Venture Homes was founded by CEO and President Robert White Sr.
in 1984, and has delivered more than 6,000 homes during its 34 year
history. Over the last 12 months, Venture Homes generated $69.9
million of homebuilding revenue from 277 closings with an average
selling price of $252.2 thousand.
The Venture assets to be acquired by Beazer include more than
1,000 lots located in 9 active communities and 18 future
communities principally serving first time and first move-up
homebuyers. The transaction also includes substantial construction
work in process as well as 51 homes in backlog. The unique benefits
of the transaction include:
- Similar customer focus.
Venture’s customer positioning is well-aligned with Beazer’s
commitment to provide extraordinary value at an affordable price to
homebuyers. The Company will be able to provide its Mortgage
Choice, Choice Plan and Energy Efficiency advantages to a larger
group of home buyers
- Increased scale in an existing
market. On a combined basis, Beazer and Venture have closed
nearly 500 homes in Atlanta over the last 12 months, which ranks
among the top 10 builders in the market. This added scale will
create opportunities with, and for, trade partners, current and
prospective employees and land sellers
- Compelling land acquisition leading
to earnings and ROA growth. The transaction represents a rare
opportunity to acquire a portfolio of performing communities and
future land assets at an attractive price. This results in a faster
improvement in both earnings and return on assets than would be
possible solely from land purchases
- No increase in debt from
transaction. The transaction was funded from available cash and
resulted in no increase in debt
“This acquisition allows us to accelerate our growth in Atlanta,
a highly desirable market supported by robust job growth, solid
affordability and favorable supply dynamics,” said Allan Merrill,
President and CEO of Beazer Homes. “In addition to adding new and
future communities, we are pleased to welcome our new colleagues
who will enable us to pursue further growth in the Atlanta market
in the years ahead.”
Venture Homes Founder, CEO and President, Robert White Sr.

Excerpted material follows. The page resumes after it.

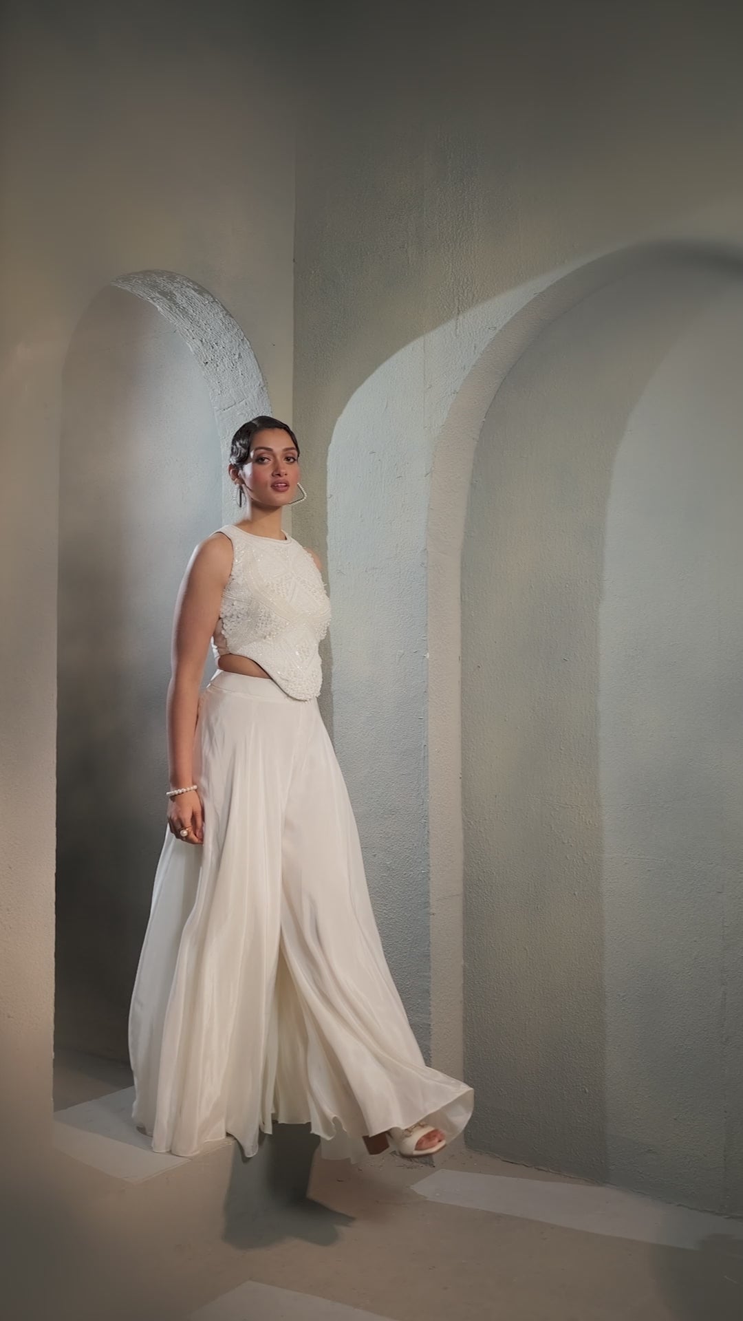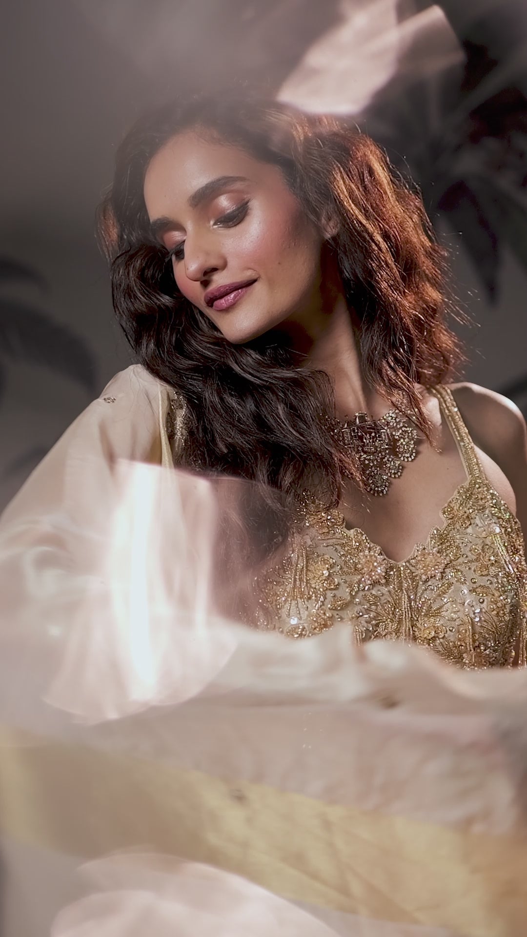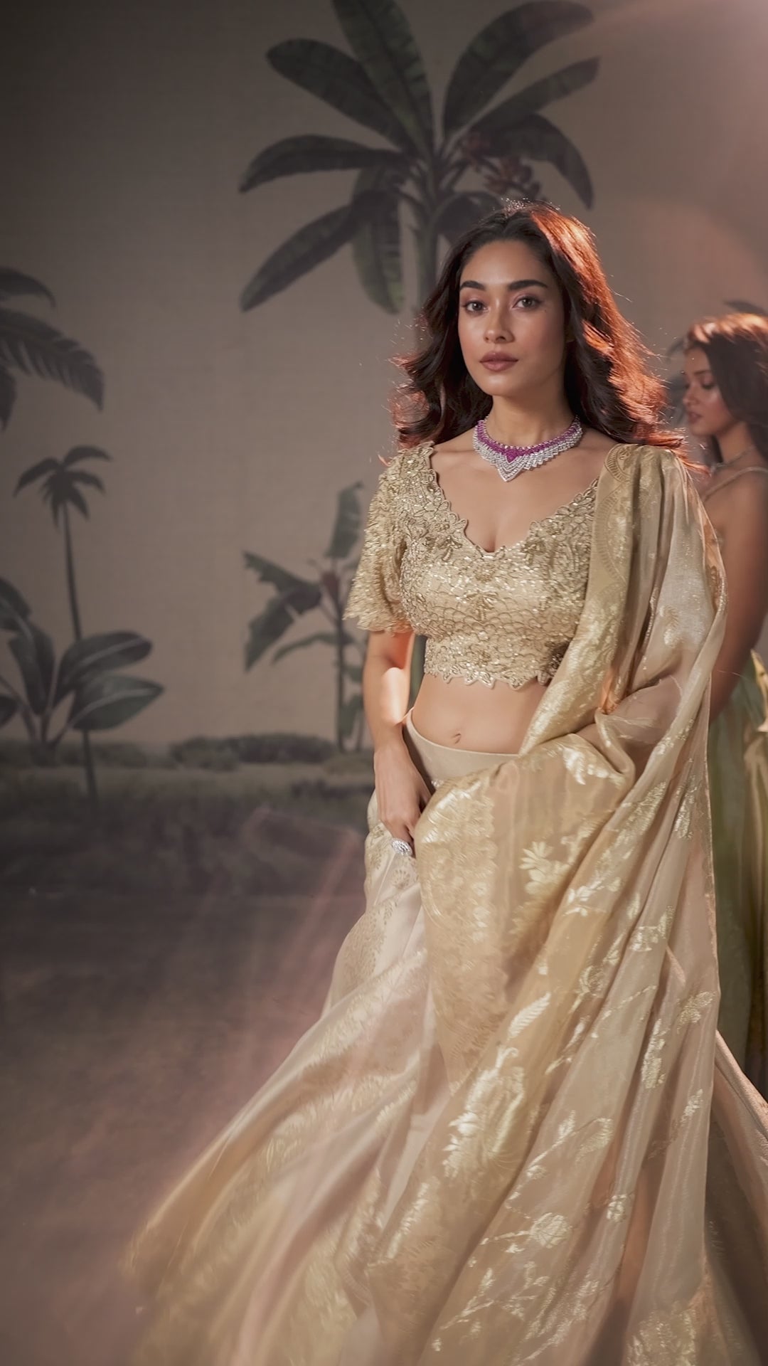 Ivory Gold Embellished Shimmer Tissue Silk Lehenga Set

stated, “While we received proposals from a number of other
builders, Beazer Homes’ culture and commitment to delivering both a
quality experience for buyers and opportunities for employees most
closely aligned with our values. We’re excited about the
opportunities that this combination creates for both our customers
and our employees.”
The parties expect the transaction to close promptly upon the
satisfaction of customary closing conditions.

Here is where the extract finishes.